Pardon me as I burn. Actually no. Pardon me if I sound a tad bit skitzo in this blog. My brain is jumping all over the place this morning. So. This may or may not make sense. Just like pants. Because pants should always be optional. Like at Walmart. Shirt and Shoes required… so doesn’t say anything about pants.
So first up on the plate. My work. For 3 weeks I had the perfect schedule. Monday-Friday. It was enough to scrape by on my bills. Barely. But I was grateful to have my job, even more so that I love it. I reallly do love my job. Seriously. I get to bartend for the 55+ crowd. They’re awesome. My co-workers are awesome. My boss is awesome. I’m not even lying. The only thing that made it rough was that I have to drive 45 minutes to work and make minimum wage. On Tuesdays and Fridays I have to pay a babysitter. Those days, between gas and the sitter’s fee, I pay $5 to go to work (before taxes). I don’t even want to know now that gas has gone up again and figuring in the taxes… no. But still. I was grateful.
Then my hours got cut. Last week I had Tues-Fri. This week? I was scheduled for Tues and Wednesday. That’s it. So for yesterday, I would’ve paid to go to work. I would’ve only made a profit today. So for the first time I actually sat back and thought about it. I’ve never liked the idea of quitting a job with out another one lined up. I know I spend money to go to work, but I’m still working! I just can’t wrap my head around quitting a job… just to be unemployed. But it finally happened (for the 3rd time, after the 2nd, I did say I would quit) my hours got cut again, and I don’t think that I can work it financially. So yesterday as I looked outside at the snow storm, I actually thought about it.
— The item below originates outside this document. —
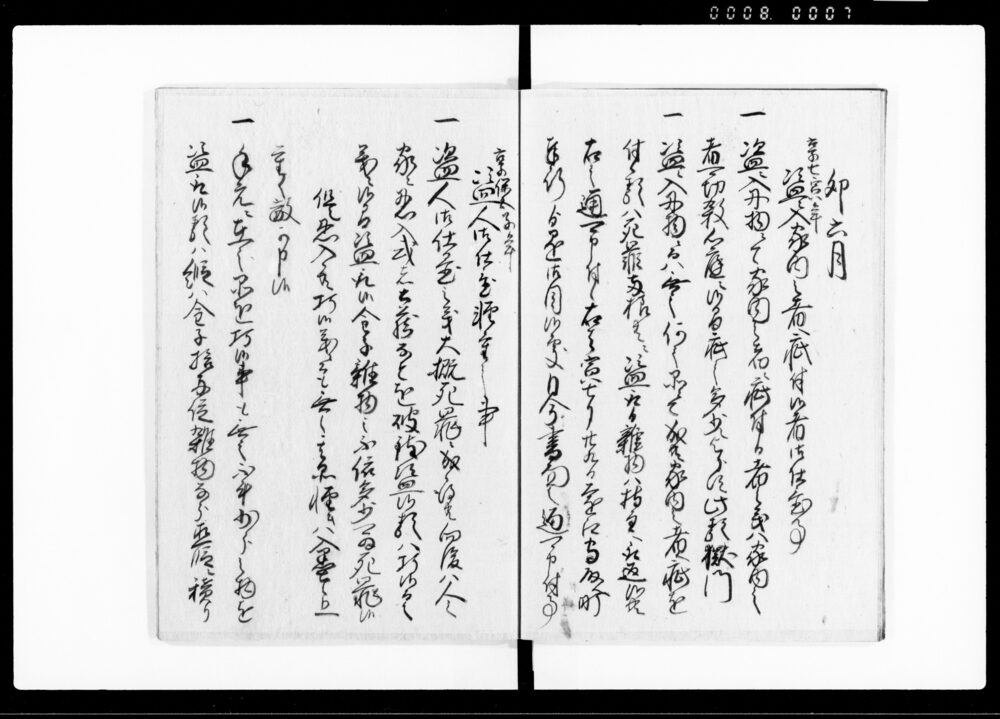 | 3 | ![]() | 90378340 | 公裁秘録 七 Kōsai Hiroku Vol. 7 (Hand-copied Book of Laws) | [江戸時代] 17~19世紀 | 25.8cm x 18.8cm | |

Do I really want to drag my daughter out in the snow storm to drop her off at the sitters, pay my sitter, then drive 45 minutes (if not longer thanks to traffic) in a snow storm, to work for 3 hours at minimum wage just to drive back through the snow get my daughter and go home. All to make no money, but to pay out. This has irritated me for a while, and I finally decided no. It’s not worth it. I can’t afford to go to work. I called in. I felt bad. But I just can’t do it. So I’m scheduled for tonight, serving, so like 4-8:30. That’s it for the week. I’m expecting to get written up when I go to work for calling in, but I am going to go in, and look at the schedule for next week. If it’s not at least 4 days, I’m going to quit. In reality, I think even if I get Mon-Fridays back, I should quit. Working Mon-Fri on a bi-week pay schedule… my paychecks are still only $230. That’s $460 a month.
I just hate this though. I don’t want to quit something I love. I really don’t, but at this point, I could make that money selling my knitted shit and shoveling driveways. I don’t know. Ugh.